» REQUIRED ACTION: Only the lines below from the one that contains "Among the many" through the one that contains "Bursa Büyükşehir Belediye" should appear in your answer, exact and without pictures.

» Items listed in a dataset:
---+---
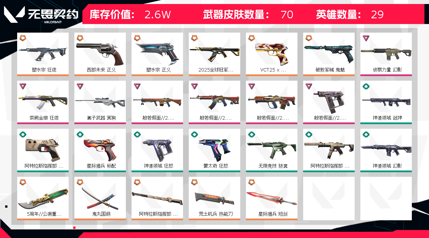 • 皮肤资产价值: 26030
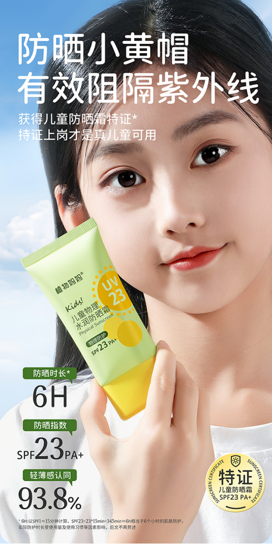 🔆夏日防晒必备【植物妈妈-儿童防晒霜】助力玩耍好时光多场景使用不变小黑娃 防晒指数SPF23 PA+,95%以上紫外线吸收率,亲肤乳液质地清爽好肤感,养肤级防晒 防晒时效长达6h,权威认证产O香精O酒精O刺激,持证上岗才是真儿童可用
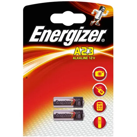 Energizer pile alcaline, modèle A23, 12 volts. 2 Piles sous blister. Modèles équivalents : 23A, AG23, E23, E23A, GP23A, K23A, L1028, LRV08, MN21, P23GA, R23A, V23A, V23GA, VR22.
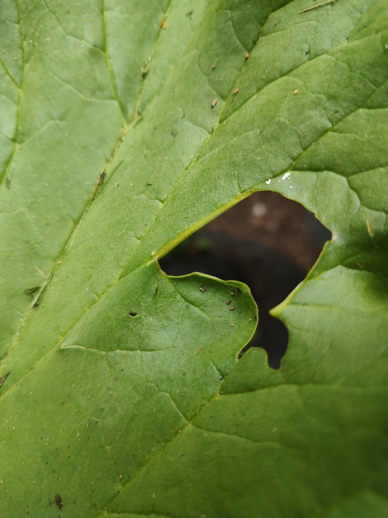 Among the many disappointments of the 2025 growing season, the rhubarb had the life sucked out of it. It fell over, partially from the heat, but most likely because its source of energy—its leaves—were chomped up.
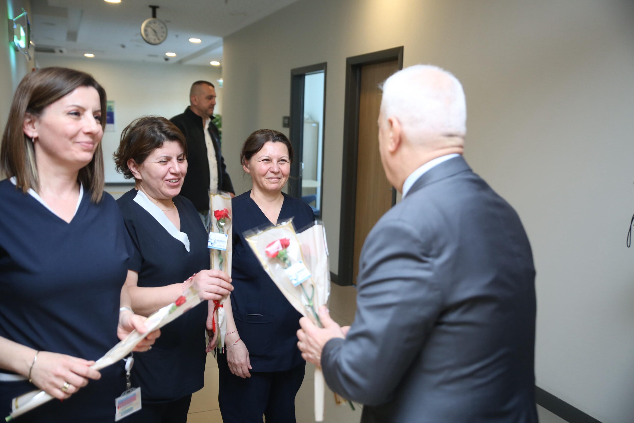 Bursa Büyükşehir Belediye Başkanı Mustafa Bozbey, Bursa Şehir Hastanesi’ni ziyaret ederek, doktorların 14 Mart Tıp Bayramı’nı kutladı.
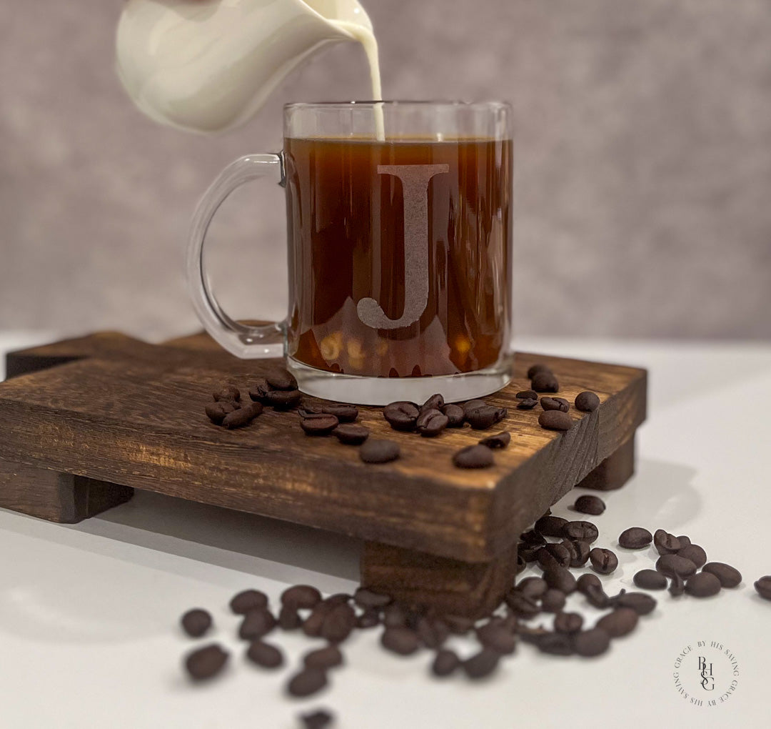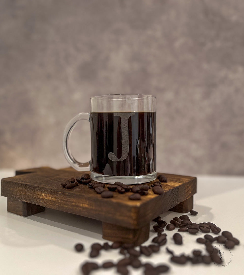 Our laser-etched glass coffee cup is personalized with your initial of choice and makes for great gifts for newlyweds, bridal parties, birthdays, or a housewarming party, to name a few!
---+---
» EXERCISE RESPONSE:
 Among the many disappointments of the 2025 growing season, the rhubarb had the life sucked out of it. It fell over, partially from the heat, but most likely because its source of energy—its leaves—were chomped up.
 Bursa Büyükşehir Belediye Başkanı Mustafa Bozbey, Bursa Şehir Hastanesi’ni ziyaret ederek, doktorların 14 Mart Tıp Bayramı’nı kutladı.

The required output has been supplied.